WHAT THE TASK REQUIRES: Without any pictures, print exactly the lines that run from the start of the data through the line containing "S 胸圍: 76 衣長: 72".

[Excerpts from a dataset]
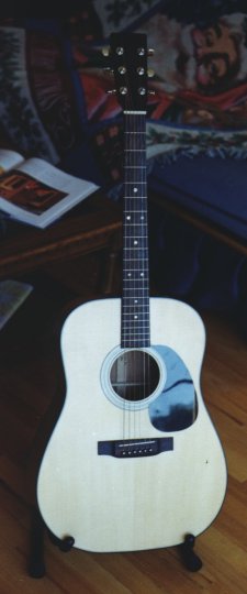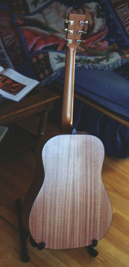 I do intend on making another guitar. After I take a break from it for a little while and get some other projects done, I'll decide on whether to do another kit, or to go for broke and try making a guitar completely from scratch. I've picked up a bending iron to practice bending sides; I may just buy some quarter sawn cherry and practice making necks and sides, and when I get a set of sides and a neck that seems pretty good, I'll stop practicing and build the rest of it! :-) Until then, I'm just going to enjoying playing an instrument that I actually assembled myself! And as you can see for yourself from the picture below, the guitar also meets with Bengal's approval.
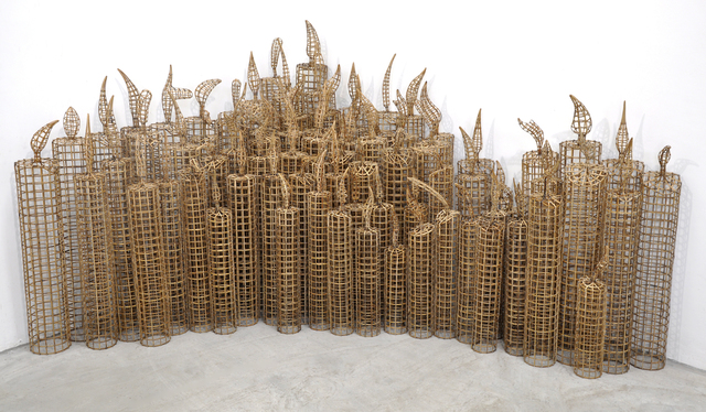 Bamboo, rattan, metal wire, copper wire, 90 × 187 × 127 cm.
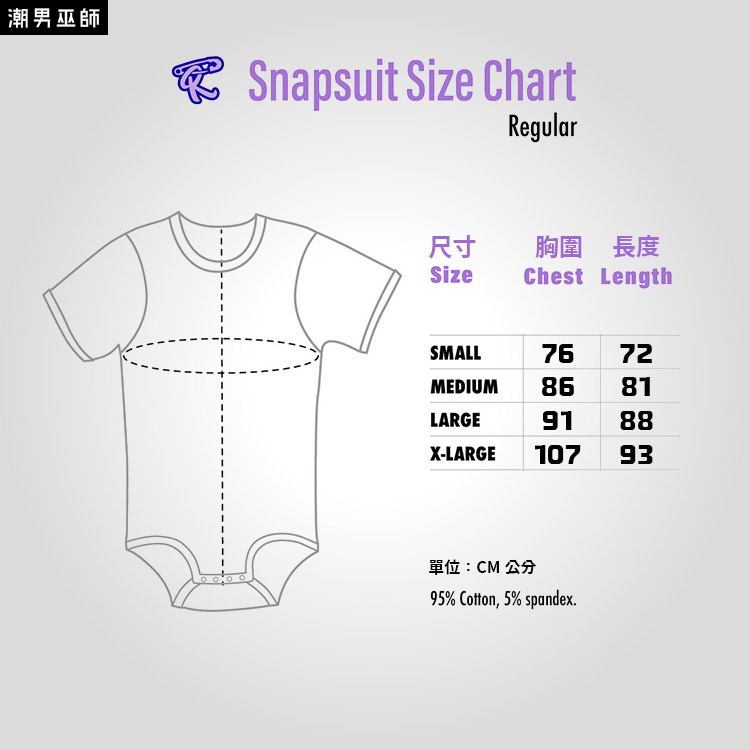 S 胸圍: 76 衣長: 72 cm|M 胸圍: 86 衣長: 81 cm|L 胸圍: 91 衣長: 88 cm|材質:95%棉(Cotton)+5%氨綸(Spandex/Elastane)
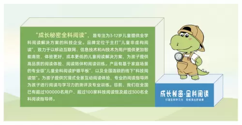 成长秘密全科阅读是一家专注为3-12岁儿童提供全学科阅读解决方案的一家科技型企业。致力于利用互联网、信息技术和AI技术来提升儿童的阅读效率和阅读体验,为广大家庭提供高效而专业的儿童全科阅读解决方案。以“非虚构阅读”为品牌特色,围绕全学科阅读,打造了“成长秘密儿童阅读与学习力测评系统”、成长秘密儿童全科阅读护眼平板、成长秘密科技阅读馆 三大产品矩阵,形成了“阅读能力评估与学习力诊断、线上全科阅读养成、线下专业阅读训练”这样全周期的服务模式。
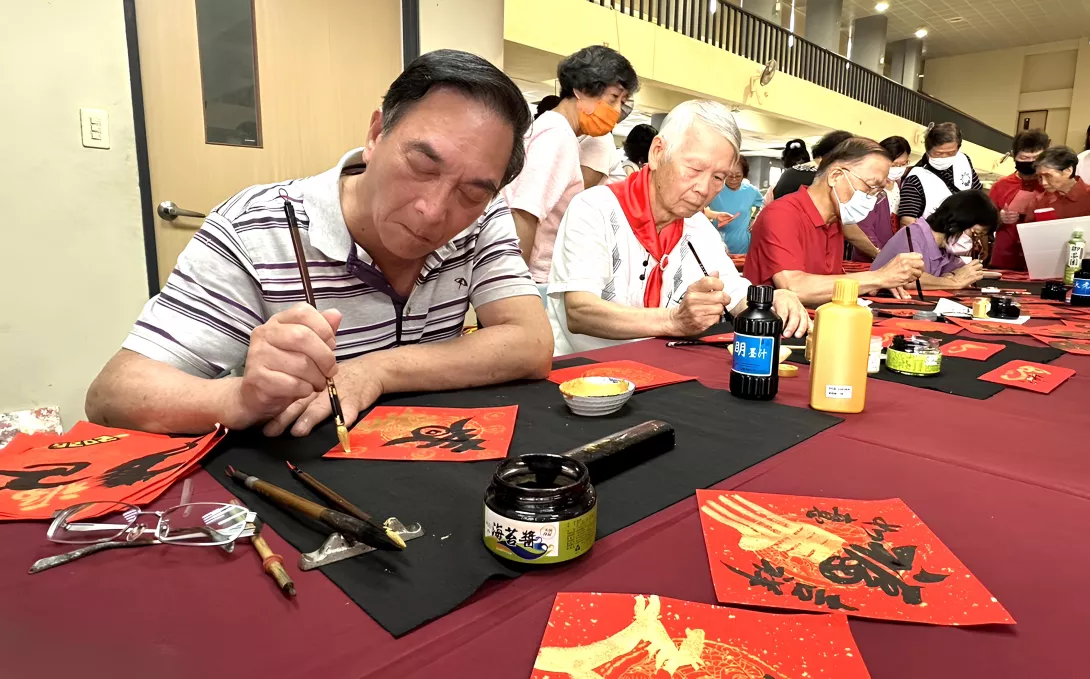 ▲「養心書法藝術班」學員春聯現場揮毫,氣勢不凡。
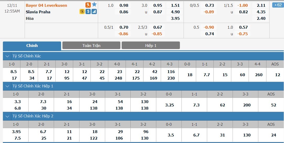 Xem tỷ lệ kèo cá cược bóng đá trực tuyến Bayer Leverkusen vs Slavia Praha

RESPONSE AREA:
 I do intend on making another guitar. After I take a break from it for a little while and get some other projects done, I'll decide on whether to do another kit, or to go for broke and try making a guitar completely from scratch. I've picked up a bending iron to practice bending sides; I may just buy some quarter sawn cherry and practice making necks and sides, and when I get a set of sides and a neck that seems pretty good, I'll stop practicing and build the rest of it! :-) Until then, I'm just going to enjoying playing an instrument that I actually assembled myself! And as you can see for yourself from the picture below, the guitar also meets with Bengal's approval.
 Bamboo, rattan, metal wire, copper wire, 90 × 187 × 127 cm.
 S 胸圍: 76 衣長: 72 cm|M 胸圍: 86 衣長: 81 cm|L 胸圍: 91 衣長: 88 cm|材質:95%棉(Cotton)+5%氨綸(Spandex/Elastane)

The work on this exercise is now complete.